Print the records below exactly, omitting all pictures.

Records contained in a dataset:
--- START ---

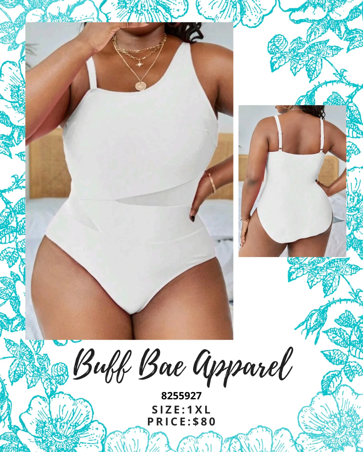 This white one-piece swimsuit features a mesh insert detail and adjustable straps. Designed for a flattering fit, it is available in size 1XL. This stylish swimwear is perfect for your next vacation or beach day.
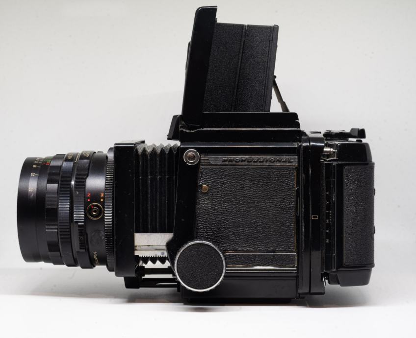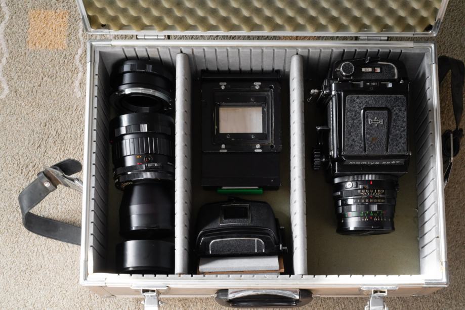 Mamya RB 67 PRO SD BODY sa i tražilom + 6/7 leđa 120, Mamya sekor C 50/ 3,8, Mamya sekor C 250/4,5;, Sjenilo 2 kom (za 50 mm-objektiv), Mamya 6 x 7 120 roll film back pro S,Mamya for plan film 6 X 9, type J (2 side 6/7 ), Mamya Polaroid back model 3, Mamya Extension ring no 1 (45 mm), objektive između 90 i 250 mm,aluminijski kovčeg. Kamera i objektifi su izvrsnom stanju.
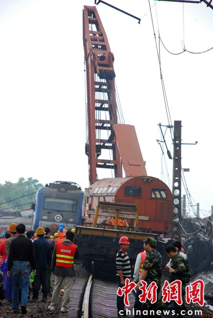 中新網(wǎng)東鄉(xiāng)5月23日電(艾永全 何柳斌 劉占昆)23日下午14時(shí),距離滬昆鐵路客運(yùn)列車脫線事發(fā)已經(jīng)12小時(shí),武警、消防、醫(yī)護(hù)、交警、特警仍在事故現(xiàn)場(chǎng)緊急救援。 劉占昆 攝
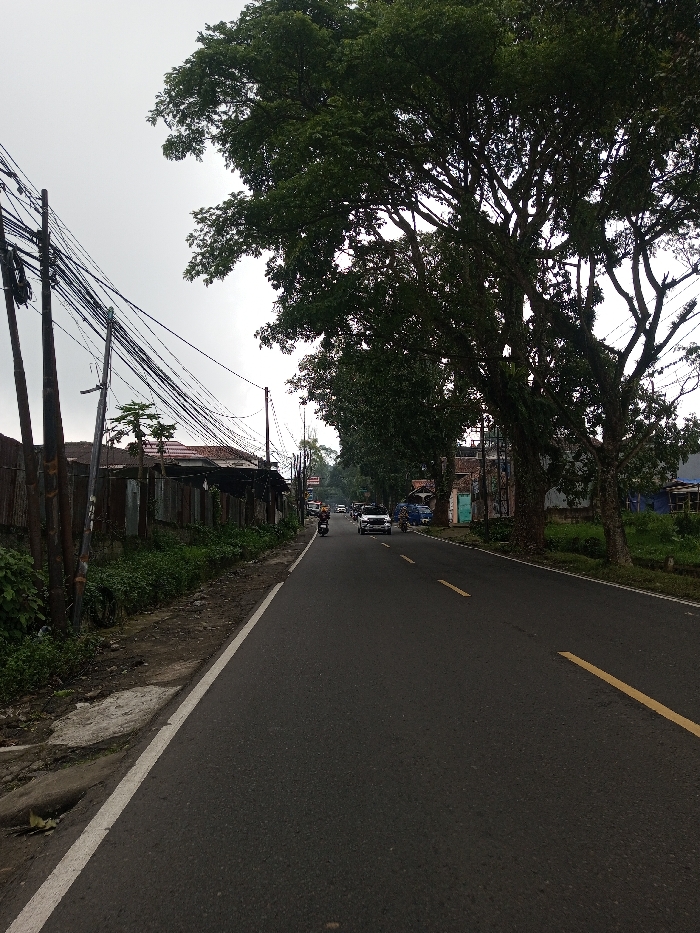 A long, straight asphalt road with yellow lane markings stretches into the distance, lined with lush green trees. A white car, a motorbike, and other vehicles are visible on the road. To the left, utility poles laden with wires stand beside a row of weathered buildings and overgrown vegetation. The sky is overcast, casting a soft light over the scene. A white line marks the edge of the road.
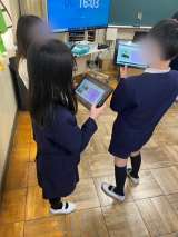 算数では色板を使ってかたちをつくる学習をしています。自分で考えたかたちをタブレッ...
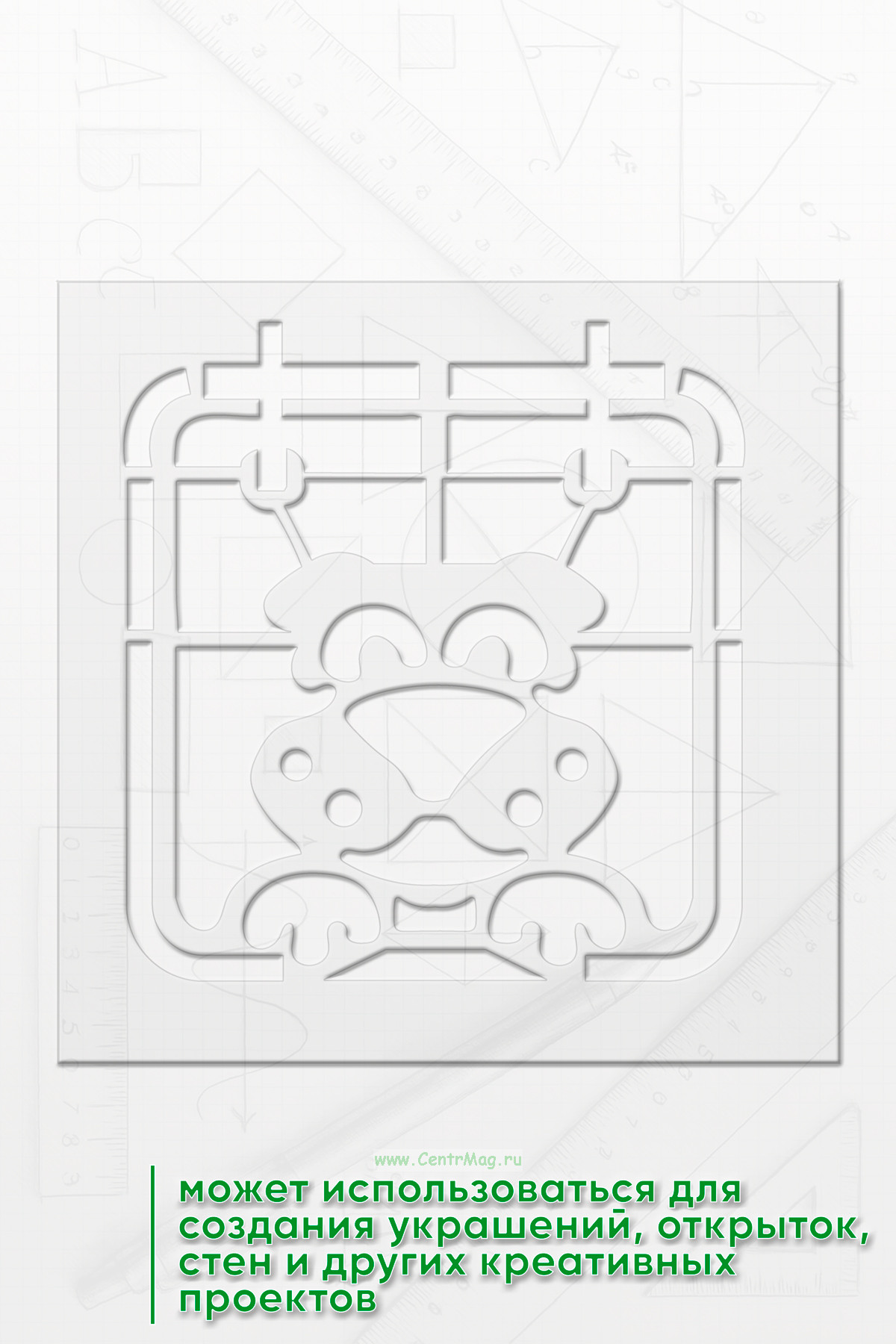 Трафарет предназначен для использования в искусстве, декоре, рукоделии и аэрографии, позволяя быстро и аккуратно наносить изображение на различные поверхности. Он также может использоваться для создания украшений, открыток, стен и других креативных проектов.
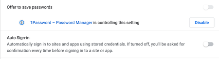 Chrome's built-in Auto Sign-in is disabled and managed by 1Password. And yet when I try to login to a site and there's...
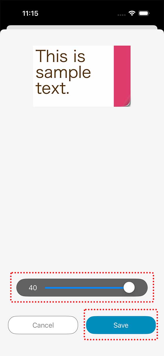 On the screen, use the resize bar at the bottom to set the text size you want.
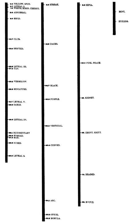 在这一时期,摩尔根意识到他一个人跟不上快速增长的果蝇研究工作了,于是开始培养有天赋的本科生。在他实验室日后毕业的学生中,有三人最为著名:阿尔弗雷德·斯特蒂文特、卡尔文·布里奇和赫尔曼·穆勒。摩尔根越来越依赖这些学生从事日常工作,去揭示业已结合在一起的孟德尔-染色体范式之间的内在联系。举个例子,1911年,摩尔根与斯特蒂文特讨论重组频率与染色体上两个基因间距离的问题时,遗传图谱的想法诞生了。斯特蒂文特回忆,当晚他回家后,彻底被这个想法迷住了,忘记了写家庭作业,并绘制了第一幅染色体图谱:染色体上连锁的6个基因(Sturtevant 1965: 47)。之后染色体图谱绘制工作迅速展开,最终在果蝇四对染色体上定位了数百个基因。
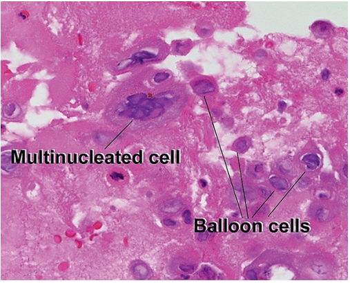 Pink intranuclear inclusions - Cowdry A: herpesvirus - Cowdry B: adenovirus, poliovirus

--- END ---

■ Answer to this exercise
 This white one-piece swimsuit features a mesh insert detail and adjustable straps. Designed for a flattering fit, it is available in size 1XL. This stylish swimwear is perfect for your next vacation or beach day.
 Mamya RB 67 PRO SD BODY sa i tražilom + 6/7 leđa 120, Mamya sekor C 50/ 3,8, Mamya sekor C 250/4,5;, Sjenilo 2 kom (za 50 mm-objektiv), Mamya 6 x 7 120 roll film back pro S,Mamya for plan film 6 X 9, type J (2 side 6/7 ), Mamya Polaroid back model 3, Mamya Extension ring no 1 (45 mm), objektive između 90 i 250 mm,aluminijski kovčeg. Kamera i objektifi su izvrsnom stanju.
 中新網(wǎng)東鄉(xiāng)5月23日電(艾永全 何柳斌 劉占昆)23日下午14時(shí),距離滬昆鐵路客運(yùn)列車脫線事發(fā)已經(jīng)12小時(shí),武警、消防、醫(yī)護(hù)、交警、特警仍在事故現(xiàn)場(chǎng)緊急救援。 劉占昆 攝
 A long, straight asphalt road with yellow lane markings stretches into the distance, lined with lush green trees. A white car, a motorbike, and other vehicles are visible on the road. To the left, utility poles laden with wires stand beside a row of weathered buildings and overgrown vegetation. The sky is overcast, casting a soft light over the scene. A white line marks the edge of the road.
 算数では色板を使ってかたちをつくる学習をしています。自分で考えたかたちをタブレッ...
 Трафарет предназначен для использования в искусстве, декоре, рукоделии и аэрографии, позволяя быстро и аккуратно наносить изображение на различные поверхности. Он также может использоваться для создания украшений, открыток, стен и других креативных проектов.
 Chrome's built-in Auto Sign-in is disabled and managed by 1Password. And yet when I try to login to a site and there's...
 On the screen, use the resize bar at the bottom to set the text size you want.
 在这一时期,摩尔根意识到他一个人跟不上快速增长的果蝇研究工作了,于是开始培养有天赋的本科生。在他实验室日后毕业的学生中,有三人最为著名:阿尔弗雷德·斯特蒂文特、卡尔文·布里奇和赫尔曼·穆勒。摩尔根越来越依赖这些学生从事日常工作,去揭示业已结合在一起的孟德尔-染色体范式之间的内在联系。举个例子,1911年,摩尔根与斯特蒂文特讨论重组频率与染色体上两个基因间距离的问题时,遗传图谱的想法诞生了。斯特蒂文特回忆,当晚他回家后,彻底被这个想法迷住了,忘记了写家庭作业,并绘制了第一幅染色体图谱:染色体上连锁的6个基因(Sturtevant 1965: 47)。之后染色体图谱绘制工作迅速展开,最终在果蝇四对染色体上定位了数百个基因。
 Pink intranuclear inclusions - Cowdry A: herpesvirus - Cowdry B: adenovirus, poliovirus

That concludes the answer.